There have also been numerous screening studies undertaken to assess the scope to use CO2 as a miscible gas for EOR on the NSCS; however, few of these are available in the public domain. These studies have provided some useful insights regarding barriers to implementation, described below from the perspective of the operator:
- Oil price assumptions – studies previously assumed an oil price in the range from US$14 to US$17.50 per barrel (BBL) and have recently considered prices in the range of US$20 to US$25 BBL. Governments are not at risk of committing large capital sums for EOR projects and can afford a different view on oil price. With the 10-year forward price curve on Brent crude in excess of US$37 BBL, Governments can be assured that fiscal incentives will be funded from incremental taxation from incremental EOR produced oil.
- Alternative options – while many mature field operators have chosen to extend water flooding, blow down the field or use hydrocarbon gas for miscible injection; if the right incentive mechanisms were implemented, it is not too late to reconsider CO2 for EOR.

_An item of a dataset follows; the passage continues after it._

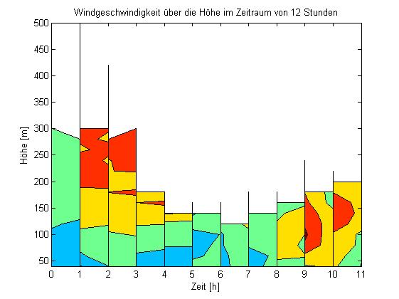 Der Übergang von Stunde 4 zu 5 sieht in deinem Plot ja ganz glaubwürdig aus, aber der Übergang von Stunde 1 zu 2 oder von 9 zu 10 kann ich so nicht glauben. Es gibt ja keinen Grund, warum der Wind eine Stunde lang nur so lau weht und dann innerhalb von 8 Sekunden sein Verhalten komplett für eine Stunde lang ändert und dann wieder ein neues Verhalten zeigt. (Falls die Geschwindigkeit von blau->grün->gelb->orange->rot farbkodiert ist).

- Project cash flow – a major objection to CO2- floods by operators in the US and Canada has been the relatively high initial investment and CO2 costs coupled with a possible long response time of one to two years before noticeable incremental oil production. For smaller independent operators moving into the North Sea, such considerations can be just as important as maximising total recovered reserves.
- Security of CO2 delivery – while working on the CENS Project, the interest in CO2 sources to provide in excess of 25 million tonnes per year (TPY) of CO2 and the interest in parties to build the CO2 infrastructure under the right contractual structures, has been established. The delivered price for CO2 should range between €20 to €35/tCO2 without consideration of CO2 credits. CO2 emission credits will further reduce the delivered cost but unfortunately are not bankable at this time and require further clarification beyond 2012. An incentive programme for sources of CO2 that helped further reduce the delivered cost of CO2 will encourage an even wider uptake for CCS as each reduction of €6/tCO2 is nearly equivalent to €2/BBL of oil. An incentive programme that encourages EOR will realise for the respective Government 40%, 70% or 78% of any further delivered cost reductions through oilfield taxation.

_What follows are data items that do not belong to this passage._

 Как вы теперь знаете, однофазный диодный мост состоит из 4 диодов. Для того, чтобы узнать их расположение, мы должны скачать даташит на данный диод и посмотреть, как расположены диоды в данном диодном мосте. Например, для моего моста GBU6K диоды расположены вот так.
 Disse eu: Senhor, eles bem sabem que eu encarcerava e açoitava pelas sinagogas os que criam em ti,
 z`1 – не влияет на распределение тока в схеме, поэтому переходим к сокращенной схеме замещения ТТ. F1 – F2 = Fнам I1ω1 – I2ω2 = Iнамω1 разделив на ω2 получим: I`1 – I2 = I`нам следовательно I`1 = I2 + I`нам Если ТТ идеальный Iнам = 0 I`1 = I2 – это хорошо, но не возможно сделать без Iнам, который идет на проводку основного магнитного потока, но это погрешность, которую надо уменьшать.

- Project risk management – operators know that CO2 will enable them to recover significant quantities of incremental oil and the technology does exist to do this; however, North Sea operators are not provided with an incentive to encourage them to make the significant investments required in a CO2 for EOR project. They do not receive sufficient rewards to compete for internal capital against a new field development in another oil region with lower production costs. Governments are in competition for investment capital in their oil regions and more costly tertiary recovery will not take place without incentives that address this fact.

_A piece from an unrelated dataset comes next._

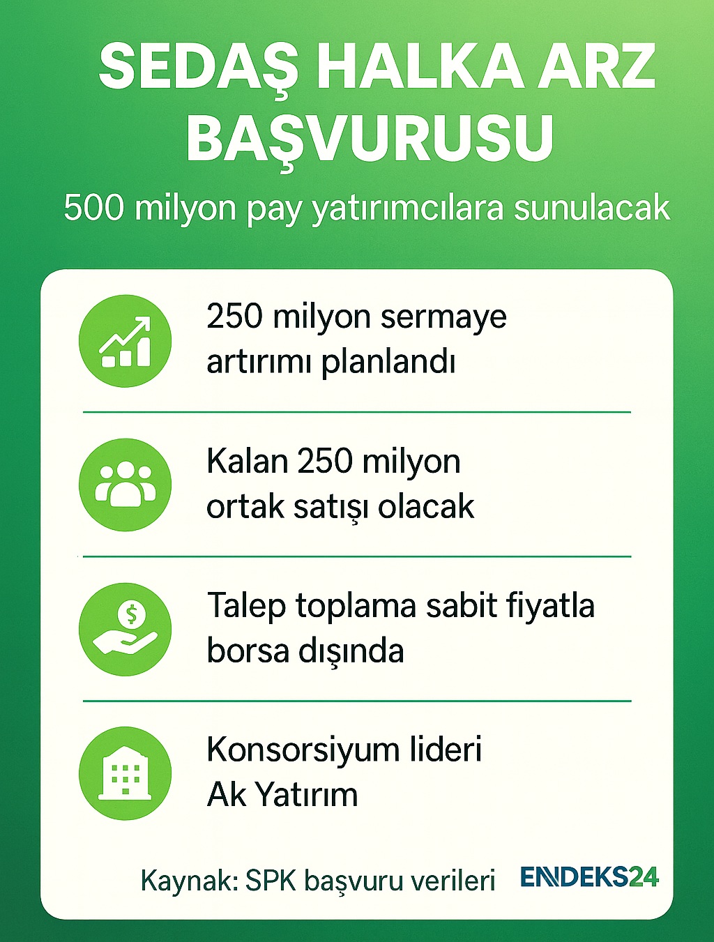 SEDAŞ – SAKARYA ELEKTRİK DAĞITIM A.Ş., halka arz süreci kapsamında SPK’ya resmi başvuruda bulundu. İzahname sürecinin ardından toplam 500.000.000 adet payın yatırımcılara sunulması hedefleniyor. Bunun 250 milyon adedi sermaye artırımı, kalan kısmı ise ortak satışı olarak planlandı.

Incentive mechanisms to encourage CO2 for EOR could take many forms. The US experience indicates that investment tax credits of 15% to 25% help reduce the pain for the large investments and purchased CO2 required before incremental oil production is realised. One scheme that does appear to handle several of the aforementioned issues was suggested by the Norwegian Confederation of Oil Industry (OLF) as a ‘volume allowance’ on incremental oil. The allowance was a non-cash deduction from revenues for tax purposes equivalent to $2.25/BBL; however, because there were substantial investment allowances already available for the project, the impact of this additional allowance was not realised for some years into production. It has therefore been proposed, and has been evaluated, that the use of a tax credit should be provided for all incremental oil production. The absolute value may be similar to that proposed by the OLF although this needs further discussion between the operators and respective governments.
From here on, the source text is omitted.